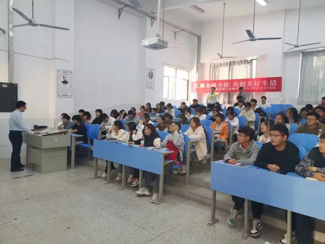 洪副行长首先用通俗易懂的语言向学生们讲解了电信诈骗的定义,接着列举了“刷单返利”、“虚假投资理财”、“虚假网络贷款”、“冒充客服”及“冒充公检法”这五大典型诈骗手段以及近期新型网络诈骗的典例,依次详细介绍了其定义、手段、真实案例及上当后的补救措施,揭露了电信网络诈骗常见套路,让学生们增强了“无论骗术怎么变,应以‘不转账’应万变”的意识。
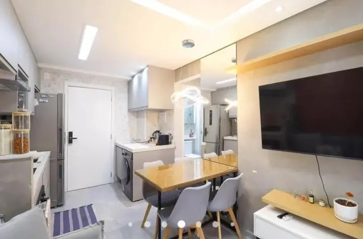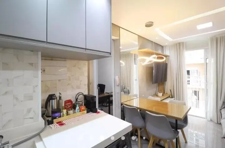 Ideal para famílias pequenas ou casais. Cozinha com cooktop. Conta com armários planejados na cozinha e nos 02 dormitórios, 1 banheiro com box, sala. O condomínio possui academia, salão de festas, brinquedoteca e playground.
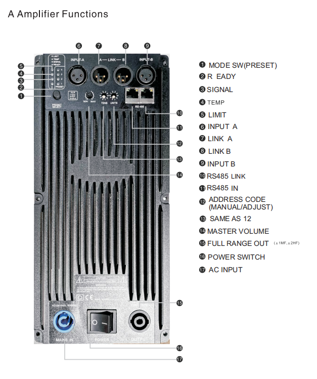 Funciones integradas que incluyen, entre otras, ganancia, nivel, filtrado de paso alto y paso bajo, filtrado de paso total, ecualización paramétrica con todas las funciones, compresor de potencia real, limitador de pico, retardador, etc.
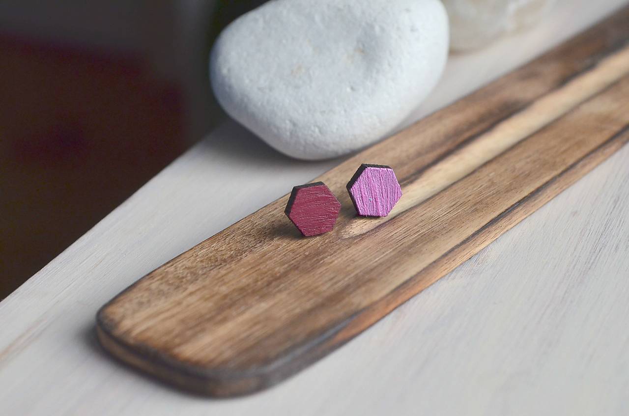 Stylové dřevěné napichovací náušnice malované

Assignment -
Please print the entire listing again exactly, minus its images.

The answer -
 洪副行长首先用通俗易懂的语言向学生们讲解了电信诈骗的定义,接着列举了“刷单返利”、“虚假投资理财”、“虚假网络贷款”、“冒充客服”及“冒充公检法”这五大典型诈骗手段以及近期新型网络诈骗的典例,依次详细介绍了其定义、手段、真实案例及上当后的补救措施,揭露了电信网络诈骗常见套路,让学生们增强了“无论骗术怎么变,应以‘不转账’应万变”的意识。
 Ideal para famílias pequenas ou casais. Cozinha com cooktop. Conta com armários planejados na cozinha e nos 02 dormitórios, 1 banheiro com box, sala. O condomínio possui academia, salão de festas, brinquedoteca e playground.
 Funciones integradas que incluyen, entre otras, ganancia, nivel, filtrado de paso alto y paso bajo, filtrado de paso total, ecualización paramétrica con todas las funciones, compresor de potencia real, limitador de pico, retardador, etc.
 Stylové dřevěné napichovací náušnice malované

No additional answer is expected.